You are viewing a plain text version of this content. The canonical link for it is here.
Posted to commits@lucene.apache.org by us...@apache.org on 2011/10/25 19:15:58 UTC
svn commit: r1188805 - in /lucene/dev/branches/branch_3x/lucene: CHANGES.txt
src/java/org/apache/lucene/search/FilteredQuery.java
src/java/org/apache/lucene/search/IndexSearcher.java
src/test/org/apache/lucene/search/TestFilteredQuery.java
Author: uschindler
Date: Tue Oct 25 17:15:57 2011
New Revision: 1188805
URL: http://svn.apache.org/viewvc?rev=1188805&view=rev
Log:
LUCENE-3534: Remove filter logic from IndexSearcher and delegate to FilteredQuery's Scorer. This is a partial backport of a cleanup in FilteredQuery/IndexSearcher added by LUCENE-1536 to Lucene 4.0
Modified:
lucene/dev/branches/branch_3x/lucene/CHANGES.txt
lucene/dev/branches/branch_3x/lucene/src/java/org/apache/lucene/search/FilteredQuery.java
lucene/dev/branches/branch_3x/lucene/src/java/org/apache/lucene/search/IndexSearcher.java
lucene/dev/branches/branch_3x/lucene/src/test/org/apache/lucene/search/TestFilteredQuery.java
Modified: lucene/dev/branches/branch_3x/lucene/CHANGES.txt
URL: http://svn.apache.org/viewvc/lucene/dev/branches/branch_3x/lucene/CHANGES.txt?rev=1188805&r1=1188804&r2=1188805&view=diff
==============================================================================
--- lucene/dev/branches/branch_3x/lucene/CHANGES.txt (original)

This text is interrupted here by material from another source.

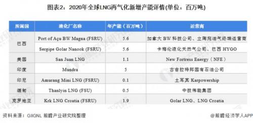 2020年,全球LNG再气化新增产能主要来自巴西,其共有2个浮式再气化终端投入运营,合计新增年产能达1120万吨。同时,2020年全球共完成了4个扩建项目,其中3个在中国,1个在日本,共增加了约580万吨/年的再气化能力。
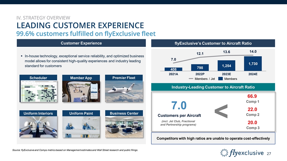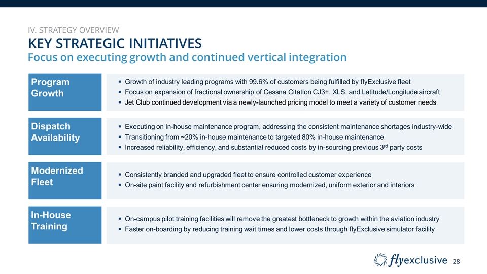 IV. STRATEGY OVERVIEW LEADING CUSTOMER EXPERIENCE 99.6% customers fulfilled on flyExclusive fleet Customer Experience flyExclusive’s Customer to Aircraft Ratio 14.0 13.6 12.1 ▪ In-house technology, exceptional service reliability, and optimized business 7.0 model allows for consistent high-quality experiences and industry leading 1,730 standard for customers 1,254 798 408 2021A 2022P 2023E 2024E Scheduler Member App Premier Fleet Members / Jet Members Industry-Leading Customer to Aircraft Ratio 66.9 Comp 1 7.0 22.0 Business Center Uniform Interiors Uniform Paint Comp 2 Customers per Aircraft < (incl. Jet Club, Fractional 20.0 and Partnership programs) Comp 3 Competitors with high ratios are unable to operate cost-effectively Source: flyExclusive and Comps metrics based on Management estimates and Wall Street research and public filings. 27

+++ lucene/dev/branches/branch_3x/lucene/CHANGES.txt Tue Oct 25 17:15:57 2011
@@ -94,6 +94,11 @@ Optimizations
* LUCENE-3494: Optimize FilteredQuery to remove a multiply in score()
(Uwe Schindler, Robert Muir)
+* LUCENE-3534: Remove filter logic from IndexSearcher and delegate to
+ FilteredQuery's Scorer. This is a partial backport of a cleanup in
+ FilteredQuery/IndexSearcher added by LUCENE-1536 to Lucene 4.0.
+ (Uwe Schindler)
+
Test Cases
* LUCENE-3420: Disable the finalness checks in TokenStream and Analyzer
Modified: lucene/dev/branches/branch_3x/lucene/src/java/org/apache/lucene/search/FilteredQuery.java
URL: http://svn.apache.org/viewvc/lucene/dev/branches/branch_3x/lucene/src/java/org/apache/lucene/search/FilteredQuery.java?rev=1188805&r1=1188804&r2=1188805&view=diff
==============================================================================
--- lucene/dev/branches/branch_3x/lucene/src/java/org/apache/lucene/search/FilteredQuery.java (original)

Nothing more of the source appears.